TASK OBJECTIVE ▸ Could you repeat the listing below exactly while leaving its pictures behind?

DATA SECTION ▸
▶
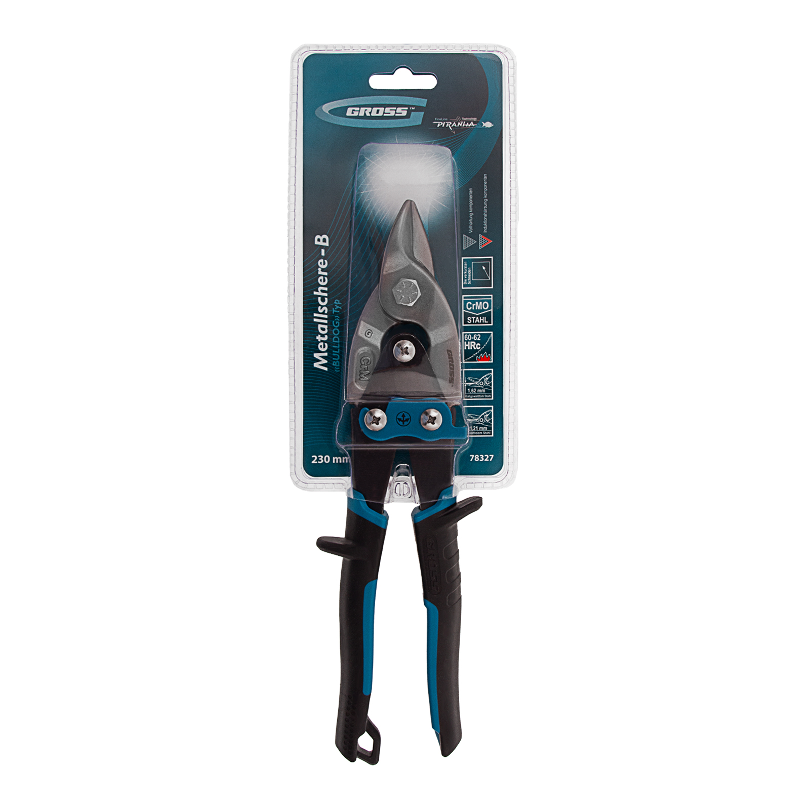 Ножницы по металлу Gross PIRANHA 78327 длиной 230 мм, из стали CrMo, с двухкомпонентными рукоятками и механизмом «bulldog», предназначены для прямого усиленного реза плоских заготовок из цветных металлов и сталей разных марок. Благодаря усиленному двухрычажному механизму «bulldog» инструмент справляется с холоднокатаной сталью толщиной до 1,6 мм и с «нержавейкой» толщиной до 1,2 мм. Ножницы рекомендованы для профессионального применения, пригодятся также и в быту.
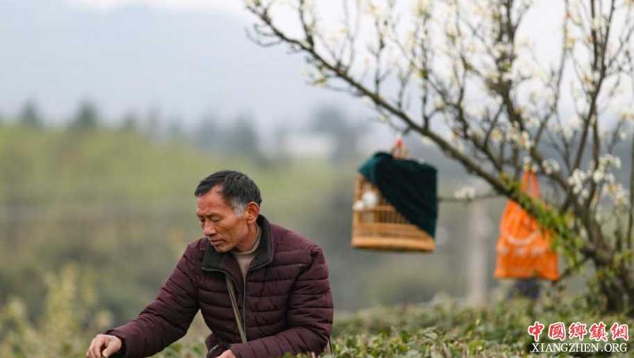贵州省丹寨县兴仁镇石槲茶园内,一名茶农一边逗着他的画眉鸟一边采摘春茶。
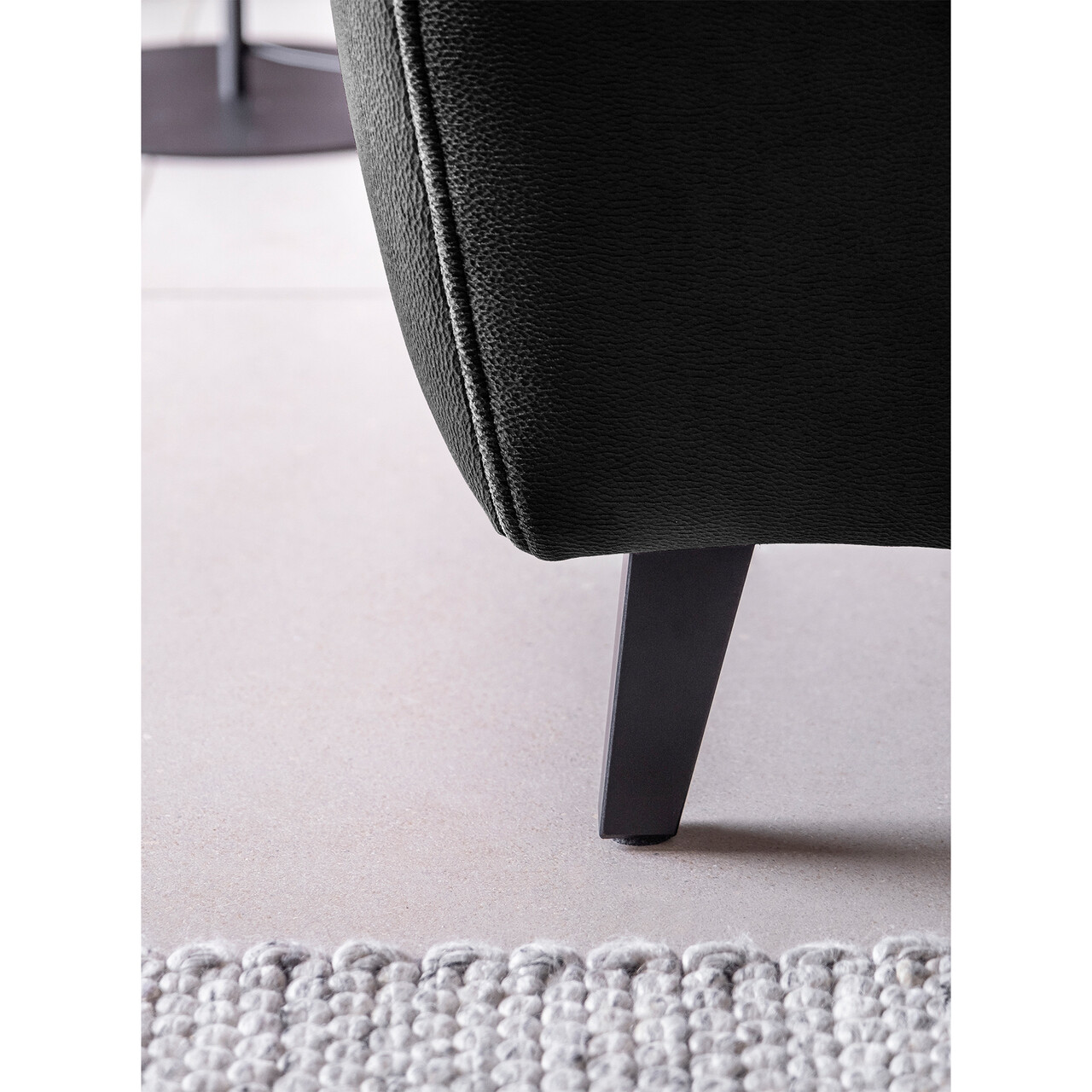 Picioare din lemn de culoare neagra.
◀
RESPONSE AREA ▸
 Ножницы по металлу Gross PIRANHA 78327 длиной 230 мм, из стали CrMo, с двухкомпонентными рукоятками и механизмом «bulldog», предназначены для прямого усиленного реза плоских заготовок из цветных металлов и сталей разных марок. Благодаря усиленному двухрычажному механизму «bulldog» инструмент справляется с холоднокатаной сталью толщиной до 1,6 мм и с «нержавейкой» толщиной до 1,2 мм. Ножницы рекомендованы для профессионального применения, пригодятся также и в быту.
贵州省丹寨县兴仁镇石槲茶园内,一名茶农一边逗着他的画眉鸟一边采摘春茶。
 Picioare din lemn de culoare neagra.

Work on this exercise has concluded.